Agent Bayes is an algorithm that replicates the process of automated classification (sometimes called ‘predictive analytics’) used for processing open source intelligence (OSINT) in Next Generation Information Access (NGIA) systems. NGIA systems automate the collection and analysis of data and produce reports. OSINT is intelligence collected from publicly available sources and may account for as much as 80% of the intelligence database. Agent Bayes evaluates Twitter posts and labels them as either suspicious or not suspicious in regards to national security threats. CSIA agents, or visitors to the site, can compare the algorithm’s decision to the original tweet and it’s associated metadata, and are invited to agree or disagree with the algorithm's decision. This feedback will be integrated into the algorithm to improve its accuracy. Agent Bayes is named after the Bayes theorem, the most common formula used by intelligence agencies for establishing the probability of an event.
Supervised machine learning procedure for Agent Bayes
Agent Bayes uses a supervised machine learning classifying algorithm that is modeled after the data collection processes described in technical reports and documents that have been leaked or released through Freedom of Information Act requests. Creating Agent Bayes began by manually assembling a corpus of social media posts that were labeled either suspicious or not suspicious. Ambiguous posts were discarded. Next, the posts were broken down into their ‘feature vectors’, or individual measurable property. In this case, the feature vectors are the individual words that make up the posts. Stop words, or commonly used words such as ‘and’, ‘the’, and ‘is’, were removed. The feature vectors are then processed using Bayes’ theorem to find patterns of speech that occur the most frequently within each category—suspicious and not suspicious. The patterns form models against which new social media posts can be compared. The algorithm then labels the new posts based on their statistical similarity to the models. Visitors to the site can agree or disagree with Agent Bayes’ predictions and their feedback will be integrated into the classifier to improve its performance.

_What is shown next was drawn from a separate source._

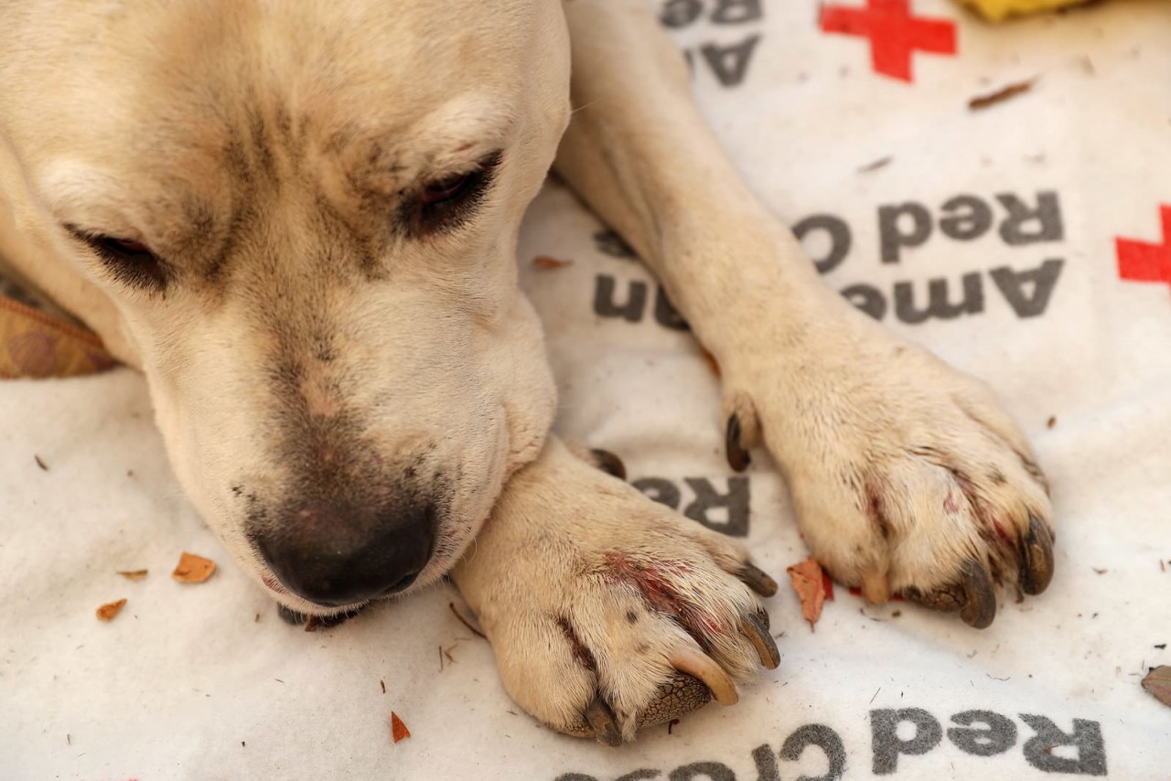 9-летний пибуль Тон, получивший ожоги лап во время пожара, отдыхает на стоянке церкви, Чико.

Participant reviewing social media posts at Science Gallery Dublin.
The Crowd-Sourced Classifier is a supervised machine learning classifer trained on Twitter posts that were manually labeled at Science Gallery Dublin during the SECRET exhibition. From August 8 until November 1, 2015, a CSIA terminal was available for visitors to evaluate Twitter posts. The Crowd-Sourced Classifer is made from the over 14,000 posts that were labeled during that time. The decisions of the Crowd-Sourced Classifier reflect the aggregated decisions made by visitors to the exhibition.